**Problem to solve:** An exact copy of the entries below is required, with all pictures removed.

**Dataset:**

★ ★ ★ ★ ★ ★ ★

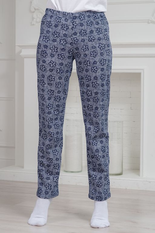 Брюки женские домашние из кулирки Барокко лен цветы полярная ночь
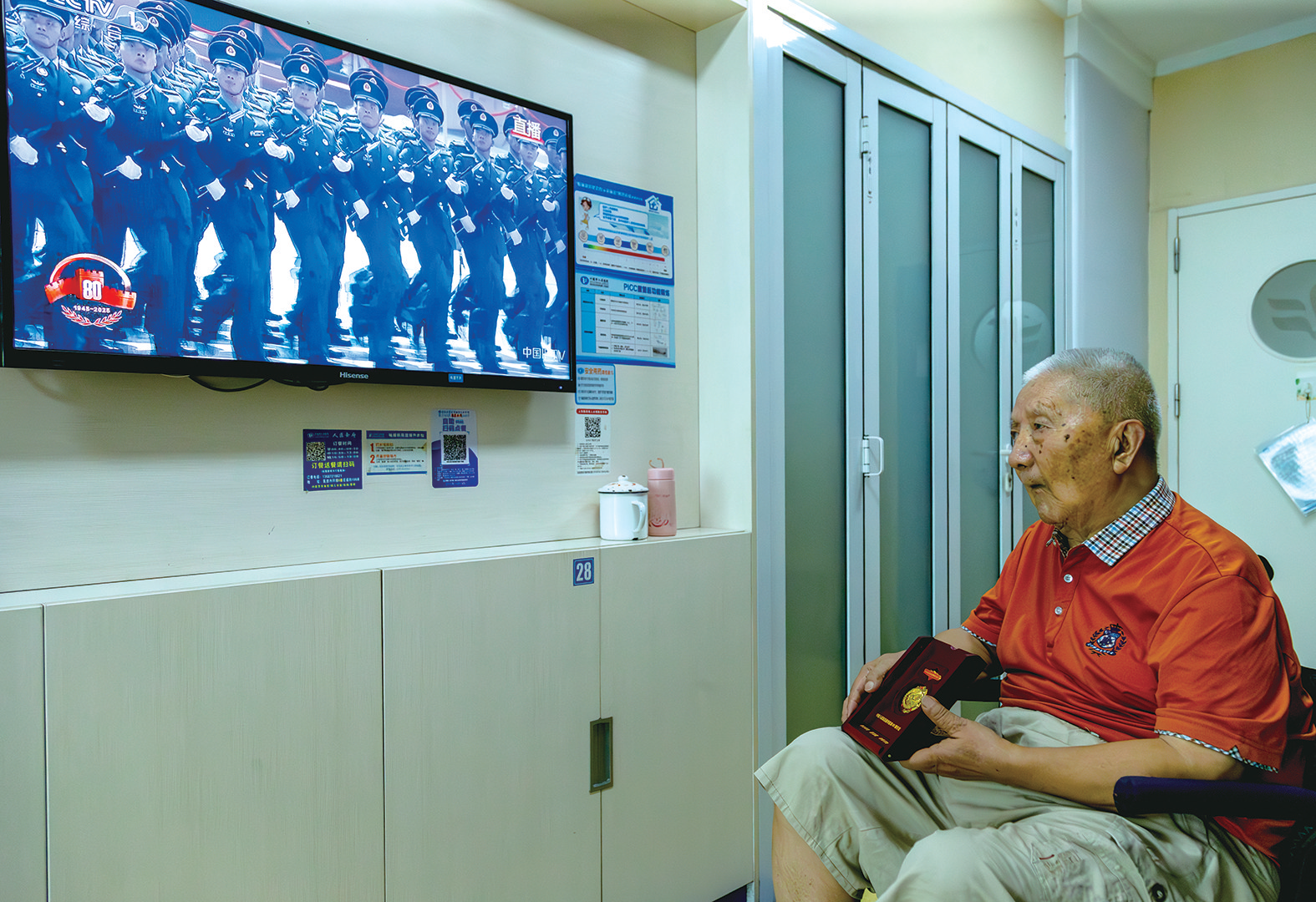 3日上午8时许,在市人民医院老年病中心10病室,96岁的抗战老兵刘守印穿戴整齐,早早守在电视机前,等待观看阅兵式。
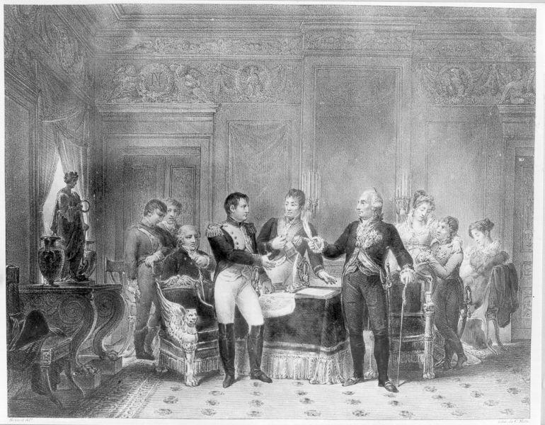 Napoleone I Imperatore dei francesi firma un documento. storie della vita di Napoleone Bonaparte
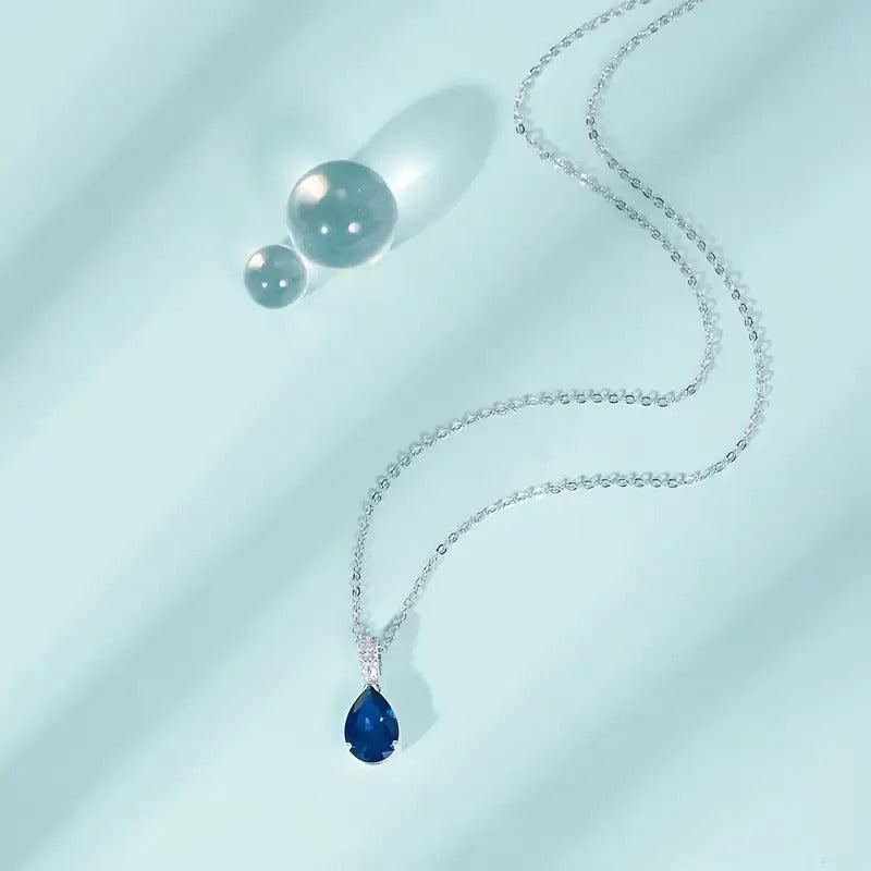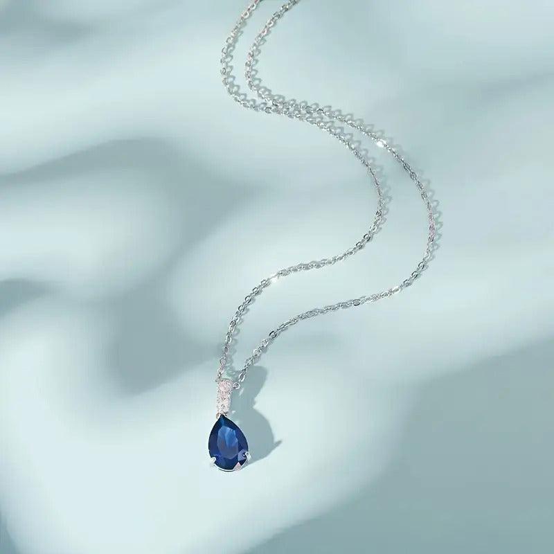 Elegant pear-shaped crystal pendant necklace made with 925 sterling silver, perfect for gifting on special occasions like Valentine's Day, Christmas, and anniversaries.
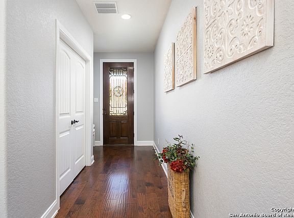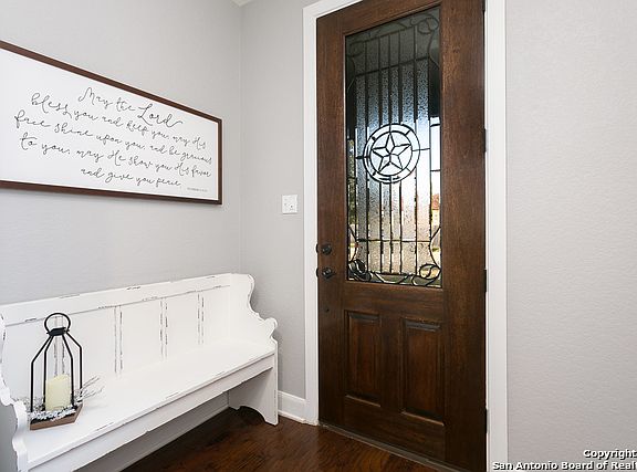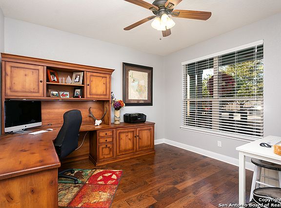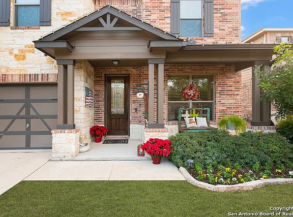 Beautiful, Highly-upgraded 4 bdrm, 2.5 bath home that backs to a green belt and Cibolo Nature Center! Open floor plan with beautiful hardwood and tile floors , 9' ceilings, fireplace, office and game room. Stunning kitchen featuring granite countertops, 42" cabinets, walk in pantry, gas range, ss appliances and breakfast bar, perfect for entertaining. Oversized master bedroom w/ double vanities, shower and garden tub, large walk-in closet. Stone/Brick exterior w/ gutters, 3 car garage, extended patio.
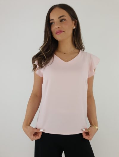 Elegancka Bluzka V-neck z Krótkim Rękawem – Pudrowy Róż
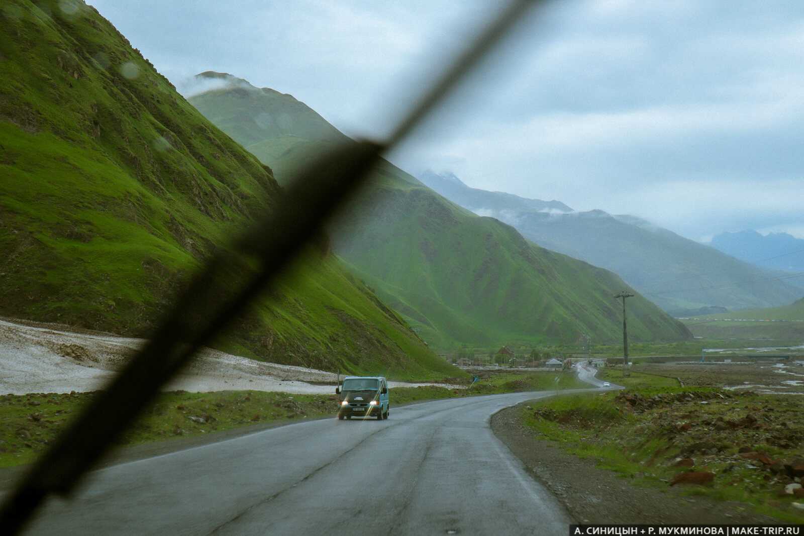 Грузия — страна небогатая, и это отражается на дорожном строительстве. Там есть лишь одна хорошая автомагистраль от Тбилиси до Кутаиси — 4–6 полос, разделительная полоса. А дальше везде двухполосная со встречкой. Ужасно. Ну как ужасно, нормальная дорога для России. В Грузии мы ехали по дороге, которая проложена по стенам и дну горного ущелья. Очень красиво, видны горы-тысячники и Казбек, но ехать там страшновато.
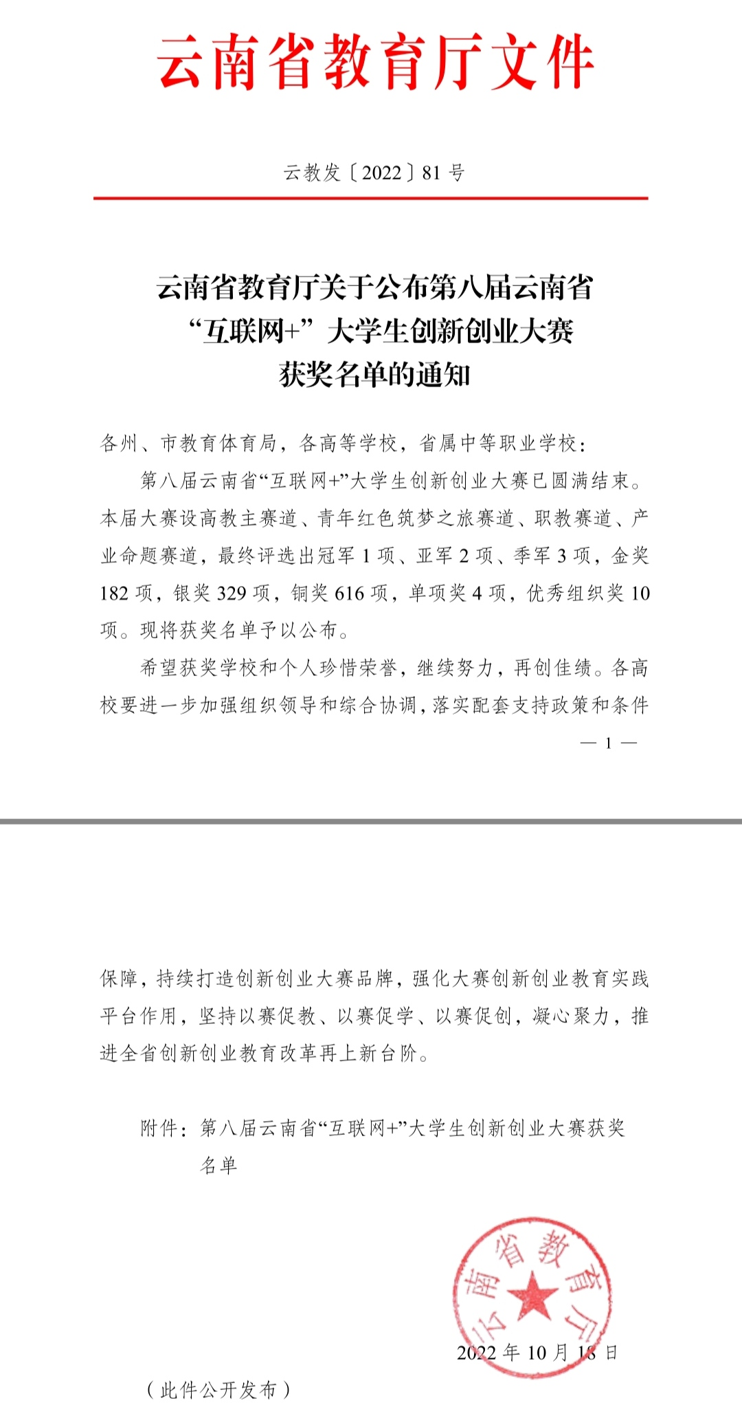 据悉,本届大赛设高教主赛道、青年红色筑梦之旅赛道、职教赛道、产业命题赛道,最终评选出冠军1项、亚军2项、季军3项,金奖182项,银奖329项,铜奖616项,单项奖4项,优秀组织奖10项。
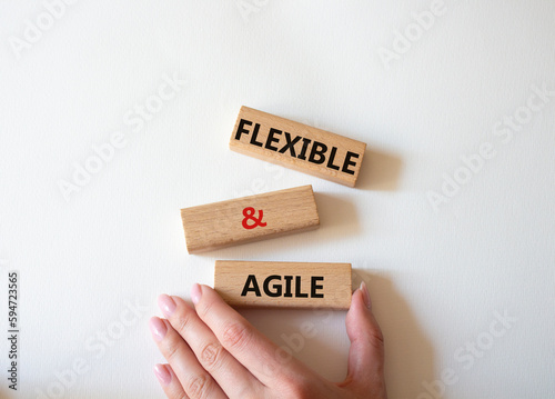 Flexible and agile symbol. Concept word Flexible and agile on wooden blocks. Beautiful white background. Businessman hand. Business and Flexible and agile concept. Copy space

★ ★ ★ ★ ★ ★ ★

**Result of the task:**
 Брюки женские домашние из кулирки Барокко лен цветы полярная ночь
 3日上午8时许,在市人民医院老年病中心10病室,96岁的抗战老兵刘守印穿戴整齐,早早守在电视机前,等待观看阅兵式。
 Napoleone I Imperatore dei francesi firma un documento. storie della vita di Napoleone Bonaparte
 Elegant pear-shaped crystal pendant necklace made with 925 sterling silver, perfect for gifting on special occasions like Valentine's Day, Christmas, and anniversaries.
 Beautiful, Highly-upgraded 4 bdrm, 2.5 bath home that backs to a green belt and Cibolo Nature Center! Open floor plan with beautiful hardwood and tile floors , 9' ceilings, fireplace, office and game room. Stunning kitchen featuring granite countertops, 42" cabinets, walk in pantry, gas range, ss appliances and breakfast bar, perfect for entertaining. Oversized master bedroom w/ double vanities, shower and garden tub, large walk-in closet. Stone/Brick exterior w/ gutters, 3 car garage, extended patio.
 Elegancka Bluzka V-neck z Krótkim Rękawem – Pudrowy Róż
 Грузия — страна небогатая, и это отражается на дорожном строительстве. Там есть лишь одна хорошая автомагистраль от Тбилиси до Кутаиси — 4–6 полос, разделительная полоса. А дальше везде двухполосная со встречкой. Ужасно. Ну как ужасно, нормальная дорога для России. В Грузии мы ехали по дороге, которая проложена по стенам и дну горного ущелья. Очень красиво, видны горы-тысячники и Казбек, но ехать там страшновато.
 据悉,本届大赛设高教主赛道、青年红色筑梦之旅赛道、职教赛道、产业命题赛道,最终评选出冠军1项、亚军2项、季军3项,金奖182项,银奖329项,铜奖616项,单项奖4项,优秀组织奖10项。
 Flexible and agile symbol. Concept word Flexible and agile on wooden blocks. Beautiful white background. Businessman hand. Business and Flexible and agile concept. Copy space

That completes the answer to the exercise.